Why does FRP consider time as a factor for values?

Behaviors are ubiquitously defined as “time-varying value”s1.
Why? time being the dependency/parameter for varying values is very uncommon.
My intuition for FRP would be to have behaviors as event-varying values instead; it is much more common, much more simple, I wage a much more of an efficient idea, and extensible enough to support time too (tick event).
For instance, if you write a counter, you don't care about time/associated timestamps, you just care about the "Increase-button clicked" and "Decrease-button clicked" events.
If you write a game and want a position/force behavior, you just care about the WASD/arrow keys held events, etc. (unless you ban your players for moving to the left in the afternoon; how iniquitous!).
So: Why time is a consideration at all? why timestamps? why are some libraries (e.g. reactive-banana, reactive) take it up to the extent of having Future, Moment values? Why work with event-streams instead of just responding to an event occurrence? All of this just seems to over-complicate a simple idea (event-varying/event-driven value); what's the gain? what problem are we solving here? (I'd love to also get a concrete example along with a wonderful explanation, if possible).
1 Behaviors have been defined so here, here, here... & pretty much everywhere I've encountered.
Behaviors differ from Events primarily in that a Behavior has a value right now while an Event only has a value whenever a new event comes in.
So what do we mean by "right now"? Technically all changes are implemented as push or pull semantics over event streams, so we can only possibly mean "the most recent value as of the last event of consequence for this Behavior". But that's a fairly hairy concept—in practice "now" is much simpler.
The reasoning for why "now" is simpler comes down to the API. Here are two examples from Reactive Banana.
Eventually an FRP system must always produce some kind of externally visible change. In Reactive Banana this is facilitated by the reactimate :: Event (IO ()) -> Moment () function which consumes event streams. There is no way to have a Behavior trigger external changes---you always have to do something like reactimate (someBehavior <# sampleTickEvent) to sample the behavior at concrete times.
Behaviors are Applicatives unlike Events. Why? Well, let's assume Event was an applicative and think about what happens when we have two event streams f and x and write f <*> x: since events occur all at different times the chances of f and x being defined simultaneously are (almost certainly) 0. So f <*> x would always mean the empty event stream which is useless.
What you really want is for f <*> x to cache the most current values for each and take their combined value "all of the time". That's really confusing concept to talk about in terms of an event stream, so instead lets consider f and x as taking values for all points in time. Now f <*> x is also defined as taking values for all points in time. We've just invented Behaviors.
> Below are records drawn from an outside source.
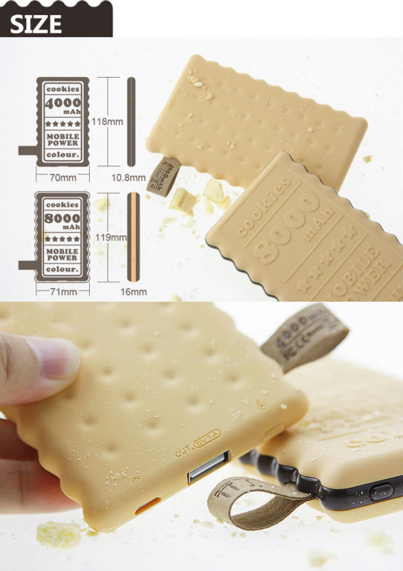 Batteria esterna d’emergenza per cellulari e altri gadget forma di biscotto al cioccolato. Potenza: 4000 mAh (€18,29, su AliExpress)
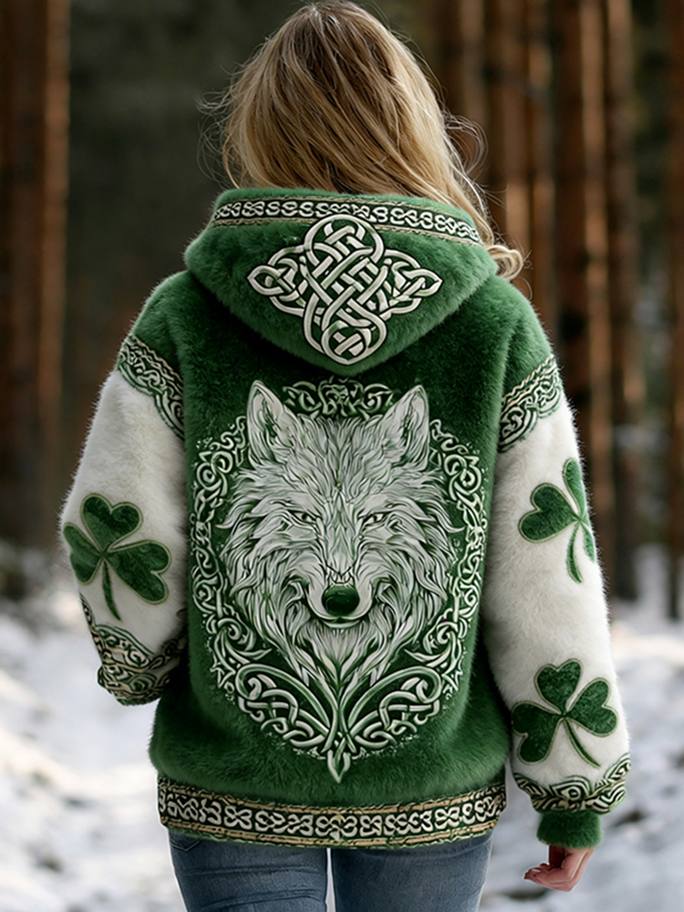 Women's St. Patrick's Day Clover With Wolf Print Zipper Flannel Hoodie
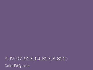 YUV 97.953,14.813,8.811 Color is a normal purple color and the nearest color is Dolphin #646077. Hex code #6c5780 and RGB value is rgb(108,87,128). In RGB color space, this color is composed of 42% red, 34% green, 50% blue, In CMYK color space, this color is composed of 16% cyan, 32% magenta, 0% yellow , 50% black , In HSL color space, this color has a hue angle of 271° , 19% saturation and 42% lightness.
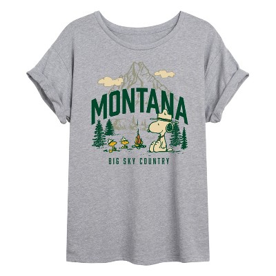 Women's Peanuts Snoopy Woodstock Retro Beagle Scouts Mountains Short Sleeve Graphic T-Shirt - Heather Charcoal - Medium
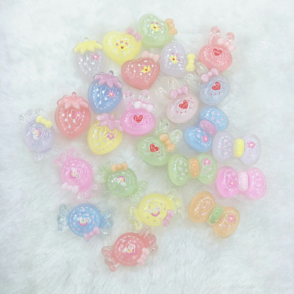 冰透渐变色草莓爱心饰品配件DIY手机壳贴片鞋花发绳配件现货批发
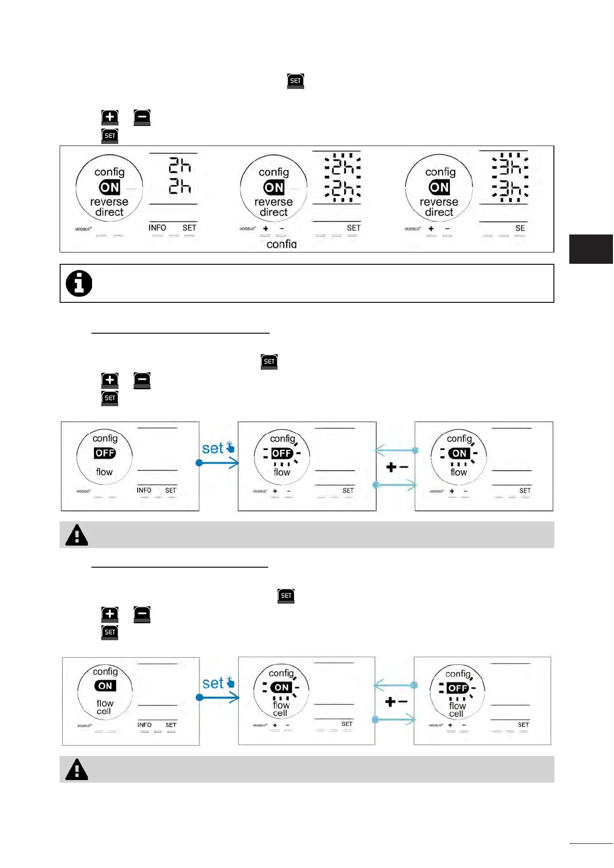 No momento da inversão, a cloração é interrompida durante alguns minutos. Nenhuma mensagem é exibida

Because it was the simplest way I could think of to give a precise denotation (implementation-independent meaning) to the notion of behaviors, including the sorts of operations I wanted, including differentiation and integration, as well as tracking one or more other behaviors (including but not limited to user-generated behavior).
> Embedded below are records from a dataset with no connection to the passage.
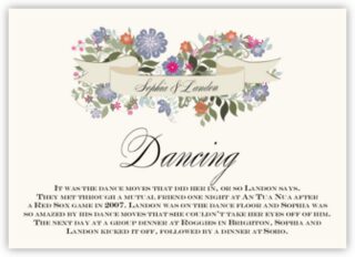 We can customize each of these wedding memorabilia cards with your choice of table names, paragraphs, fonts, colors, or monograms, and offer a complete set of matching Garden Flurry accessories.
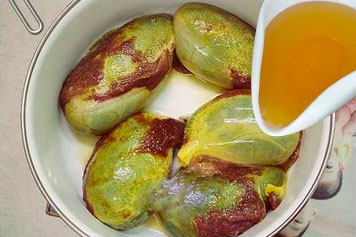 将新鲜的猪苦胆用凉开水清洗干净,再把猪苦胆切开取汁装入杯中,加入适量蜂蜜和开水进行搅拌,即可服用。
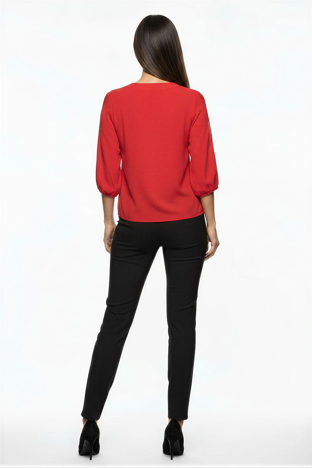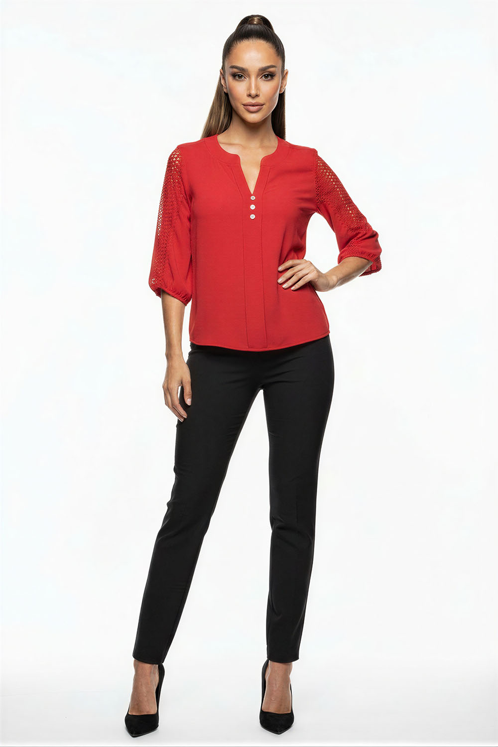 Blusa de corte recto con cuello mao que aporta una estructura limpia y estilizada, escote con abertura frontal que alarga visualmente la zona superior, botonadura decorativa al frente que añade detalle funcional, manga tres cuartos con acabado ligero que brinda comodidad en el uso diario, confección en tejido ligero que favorece la caída natural de la prenda y permite frescura durante el día
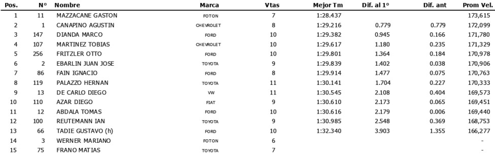 Marco Dianda (Ford Ranger) se quedó con tercer mejor registro, a 0s945 de Mazzacane. Tobías Martínez (Chevrolet S10) fue 4º a 1s180, mientras que Otto Fritzler (Ford Ranger), líder del campeonato y último ganador del TC Pick Up, cerró el grupo de los 5 más rápidos, a 1s364.
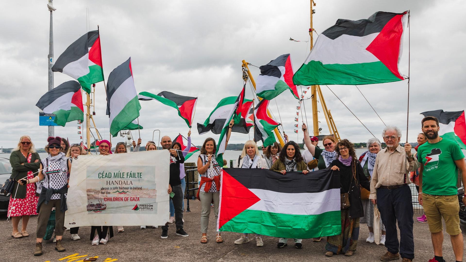 Handala gemisini uğurlayan kişiler, 13 Temmuz 2025 - (Freedom Flotilla)
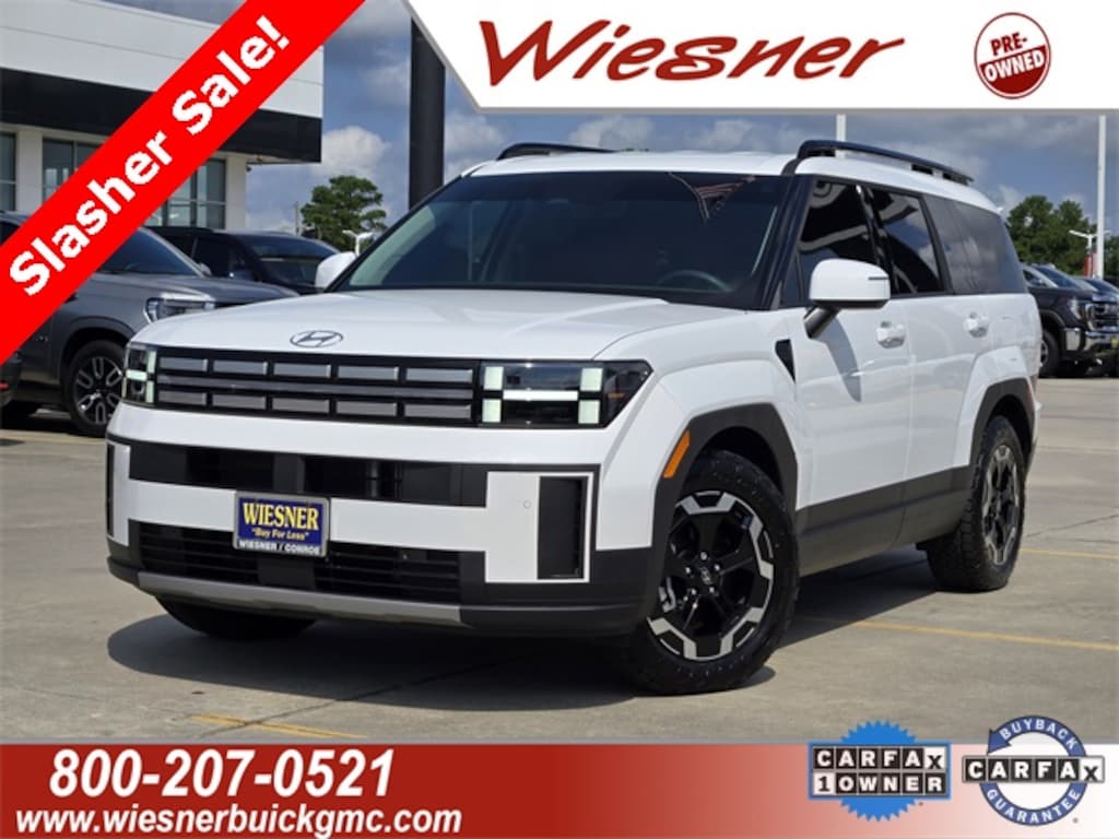 CARFAX One-Owner. Clean CARFAX. Certified. Serenity White 2025 Hyundai Santa Fe SEL AWD Shiftronic 2.5L I4 AWD, Black Artificial Leather, 18" x 7.5J Alloy Wheels, 3rd row seats: bench, 4-Wheel Disc Brakes, 6 Speakers, ABS brakes, Air Conditioning, AM/FM radio: SiriusXM, Apple CarPlay & Android Auto, Auto High-beam Headlights, Automatic temperature control, Brake assist, Carpeted Floor Mats, Delay-off headlights, Dual front impact airbags, Dual front side impact airbags, Electronic Stability Control, Emergency communication system, Exterior Parking Camera Rear, Four wheel independent suspension, Front Bucket Seats, Front Center Armrest, Front dual zone A/C, Fully automatic headlights, H-Tex Leatherette Seat Trim, Heated door mirrors, Heated Front Bucket Seats, Heated front seats, Low tire pressure warning, Occupant sensing airbag, Option Group 01, Panic alarm, Power door mirrors, Power driver seat, Power Liftgate, Power steering, Power windows, Radio: AM/FM/HD Display Audio, Rear window defroster, Rear window wiper, Remote keyless entry, Security system, Speed control, Speed-sensing steering, Split folding rear seat, Steering wheel mounted audio controls, Traction control, Turn signal indicator mirrors, Variably intermittent wipers.

Why? time being the dependency/parameter for varying values is very uncommon.
I suspect that you're confusing the construction (recipe) of a behavior with its meaning. For instance, a behavior might be constructed via a dependency on something like user input, possibly with additional synthetic transformation. So there's the recipe. The meaning, however, is simply a function of time, related to the time-function that is the user input. Note that by "function", I mean in the math sense of the word: a (deterministic) mapping from domain (time) to range (value), not in the sense that there's a purely programmatic description.
I've seen many questions asking why time matters and why continuous time. If you apply the simple discipline of giving a mathematical meaning in the style of denotational semantics (a simple and familiar style for functional programmers), the issues become much clearer.
If you really want to grok the essence of and thinking behind FRP, I recommend you read my answer to "Specification for a Functional Reactive Programming language" and follow pointers, including "What is Functional Reactive Programming".
Conal Elliott's Push-Pull FRP paper describes event-varying data, where the only points in time that are interesting are when events occcur. Reactive event-varying data is the current value and the next Event that will change it. An Event is a Future point in the event-varying Reactive data.
data Reactive a = a ‘Stepper ‘ Event a
newtype Event a = Ev (Future (Reactive a))
The Future doesn't need to have a time associated with it, it just need to represent the idea of a value that hasn't happened yet. In an impure language with events, for example, a future can be an event handle and a value. When the event occurs, you set the value and raise the handle.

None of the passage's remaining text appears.